Here, the jury found that, as charged in the indictment, Henderson committed two or more acts of sexual abuse during a period thirty or more days in duration and at a time when Henderson was seventeen years of age or older and A.B. was younger than fourteen years of age.
The sexual abuse alleged in the indictment included three different acts constituting aggravated sexual assault under Texas Penal Code § 22.021, including causing the penetration of a A.B.'s sexual organ by his finger, causing A.B.'s sexual organ to contact his sexual organ, and causing A.B.'s mouth to contact his sexual organ. See Tex. Penal Code § 22.021(a)(1)(B)(i), (iii), (v).
Based on our review of the entire record and after considering all the evidence in the light most favorable to the verdict and reasonable inferences therefrom, we conclude a rational jury could have found, beyond a reasonable doubt, that two or more acts of sexual abuse occurred during a period of thirty days or more.
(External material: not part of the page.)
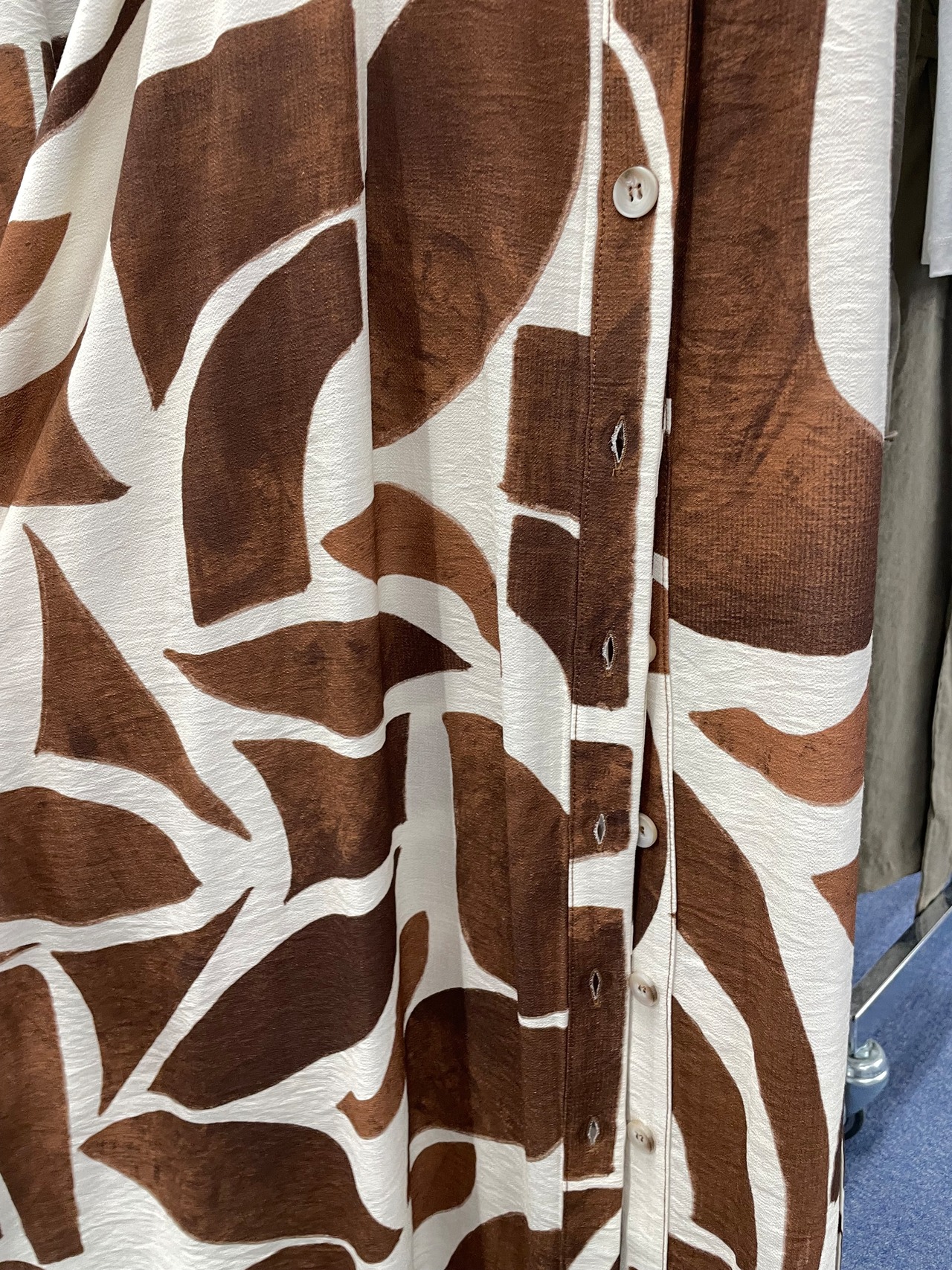 落ち感のあるブラウンとオフホワイトの幾何学プリントが魅力な「幾何学プリント前開きワンピース」。

See Aguierre v. State, No. 05-22-00601-CR, 2024 WL 833445, at *3-5 (Tex. App.- Dallas Feb. 28, 2024, pet. ref'd) (mem. op., not designated for publication); Marra v. State, No. 05-22-00520-CR, 2023 WL 6547934, at *5 (Tex. App.-Dallas Oct. 9, 2023, no pet.) (mem. op., not designated for publication); see also Buxton, 526 S.W.3d at 676-77 (holding evidence that abuse occurred regularly from the time victim was five or six years old until she was ten years old was sufficient to prove multiple sex acts occurring thirty or more days apart); Baez, 486 S.W.3d at 594-95 (holding evidence was sufficient to prove multiple acts of abuse committed thirty or more days apart when child victim testified that abuse started when she was in sixth grade and that the appellant had touched her "often," "more than once a week," until she moved out of the appellant's house, and when sexual assault nurse examiner testified that the child victim told her that it started happening when the child was "13 to 14 years old"); Witcher v. State, 638 S.W.3d 707, 709-710 (Tex. Crim. App. 2022) (evidence sufficient with approximate time frame); Lewis v. State, No. 06-21-00021-CR, 2022 WL 630288, at *4-5 (Tex. App. Texarkana-Mar. 4, 2022, pet. ref'd) (mem. op., not designated for publication), cert. denied, 143 S.Ct. 740 (2023) (jury could infer from other evidence that abuse occurred on at least two occasions over at least a thirty-day period).
III. Conclusion
We overrule Henderson's sole issue and affirm the trial court's judgment.
JUDGMENT
Based on the Court's opinion of this date, the judgment of the trial court is AFFIRMED.